3.4.4. Index the BAM file so that we can randomly access it quickly:

samtools index ERR458493.sorted.bam Visualize with tview:

samtools tview ERR458493.sorted.bam orf_coding.fasta

tview commands of relevance:

  • left and right arrows scroll
  • q to quit
  • CTRL-h and CTRL-l do “big” scrolls
  • Typing g allows you to go to a specific location, in this format chromosome:location. Here are some locations you can try out:
    • YLR162W:293 (impressive pileup, shows two clear variants and three other less clear)
    • YDR034C-A:98 (impressive pileup, shows two clear variants)
    • YDR366C:310 (impressive pileup, less clear variants)
    • YLR256W:4420 (impressive pileup, less clear variants)
    • YBL105C:2179 (less depth, shows two clear variants)
    • YDR471W:152 (impressive pileup, shows one clear variant)

Get some summary statistics as well:

samtools flagstat ERR458493.sorted.bam

The output should look like this:

1092728 + 0 in total (QC-passed reads + QC-failed reads)
0 + 0 secondary
13 + 0 supplementary
0 + 0 duplicates
989419 + 0 mapped (90.55% : N/A)
0 + 0 paired in sequencing
0 + 0 read1
0 + 0 read2
0 + 0 properly paired (N/A : N/A)
0 + 0 with itself and mate mapped
0 + 0 singletons (N/A : N/A)
0 + 0 with mate mapped to a different chr
0 + 0 with mate mapped to a different chr (mapQ>=5) Call variants!

Goal: find places where the reads are systematically different from the genome.

Now we can call variants using samtools mpileup:

samtools mpileup -u -t DP -f orf_coding.fasta ERR458493.sorted.bam | \
    bcftools call -mv -Ov > variants.vcf

You can download my version of the variants.vcf from here.

To look at the entire variants.vcf file you can do cat variants.vcf; all of the lines starting with # are comments. You can use tail variants.vcf to see the last ~10 lines, which should be all of the called variants.

Exercise 1

Try to run the variant calling pipeline using one of the other ERR458*** samples (i.e. bwa mem, samtools etc). Can you identify differences in the new vcf file?

Exercise 2

In a realistic scenario, you don’t want the variants per sample, but rather all the samples together (the mapping process is still done per sample). What would be the new samtools mpileup command that will incorporate multiple files in the variant calling process?

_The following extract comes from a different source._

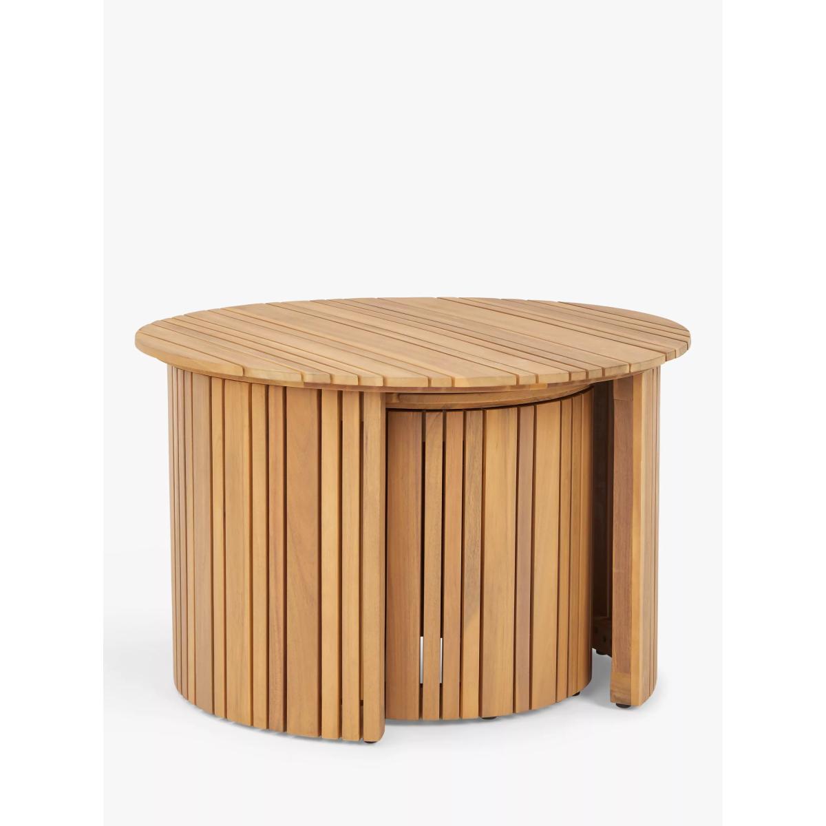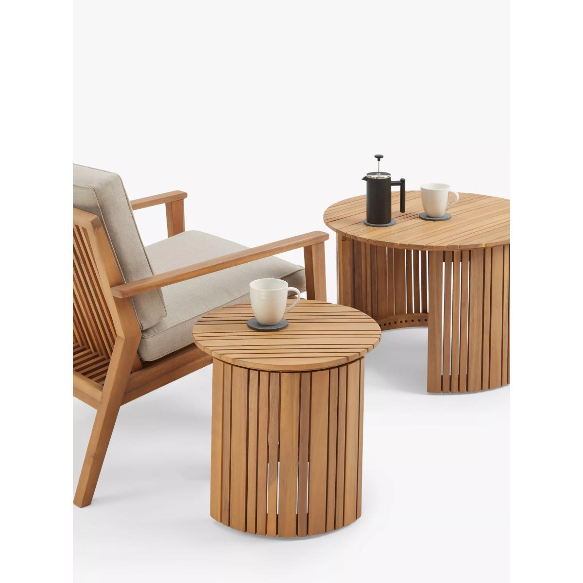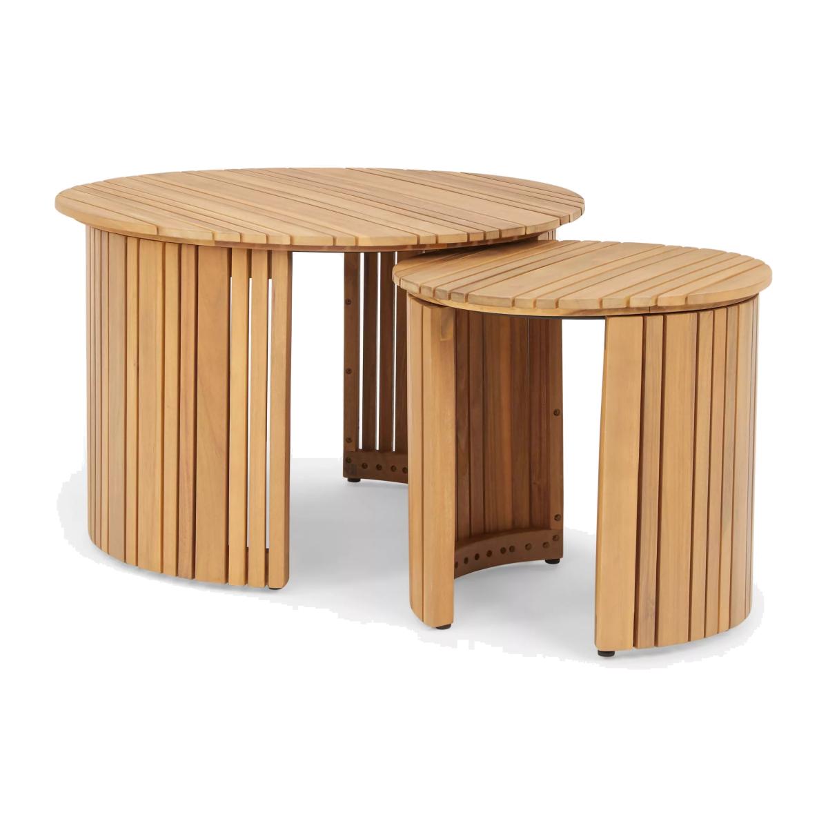 Our Mona garden furniture range is a contemporary slatted design, made from sustainably sourced, naturally weather-resistant FSC-certified acacia wood. Key features: Two round garden coffee tables Nest together for compact storage Contemporary slatted design Naturally weather-resistant FSC-certified acacia wood Feet caps protect flooring and furniture legs and are adjustable in height for uneven surfaces Team with our Mona range of garden furniture Garden furniture care: To keep your outdoor furniture in the best condition, store it in a cool, dry, well-ventilated spot indoors over the winter. If it’s staying outside, use an outdoor furniture cover whenever the weather is wet or unseasonal. Make sure furniture is clean and dry before storing it away. By choosing this product you are supporting responsible management of the world's forests. The Forest Stewardship Council® (FSC®) is a global, not-for-profit organisation that helps take care of forests and the people and wildlife that call them home. To learn more, visit fsc.org. Choose the perfect outdoor furniture We have a selection of wooden furniture for you to choose from which will suit the home or garden. Below are a few options to consider when choosing your perfect outdoor furniture. TeakA premium and popular wood with an attractive appearance which ages beautifully. Strong, durable and resistant to rot and decay, this furniture requires little maintenanceEucalyptusDistinctive scent and appearance which darkens as it ages. Provides similar natural benefits to teak including moisture resistance, hardness and durability. It's plentiful in supply which makes the furniture an inexpensive choice. AcaciaNaturally durable, this wood is incredibly hard and is unlikely to suffer damage during everyday use. It provides similar natural benefits to teak, yet unlike many other hardwoods, acacia is also relatively fast growing which minimises the environmental impact.

samtools mpileup -D -u -t DP -f orf_coding.fasta ERR458493.sorted.bam ERR458494.sorted.bam ERR458495.sorted.bam ERR458500.sorted.bam ERR458501.sorted.bam ERR458502.sorted.bam | bcftools call -mv -Ov > variantsAll.vcf

You can download the new “full” vcf file from here. Discussion points / extra things to cover

  • What are the drawbacks to mapping-based variant calling? What are the positives?
  • Where do reference genomes come from?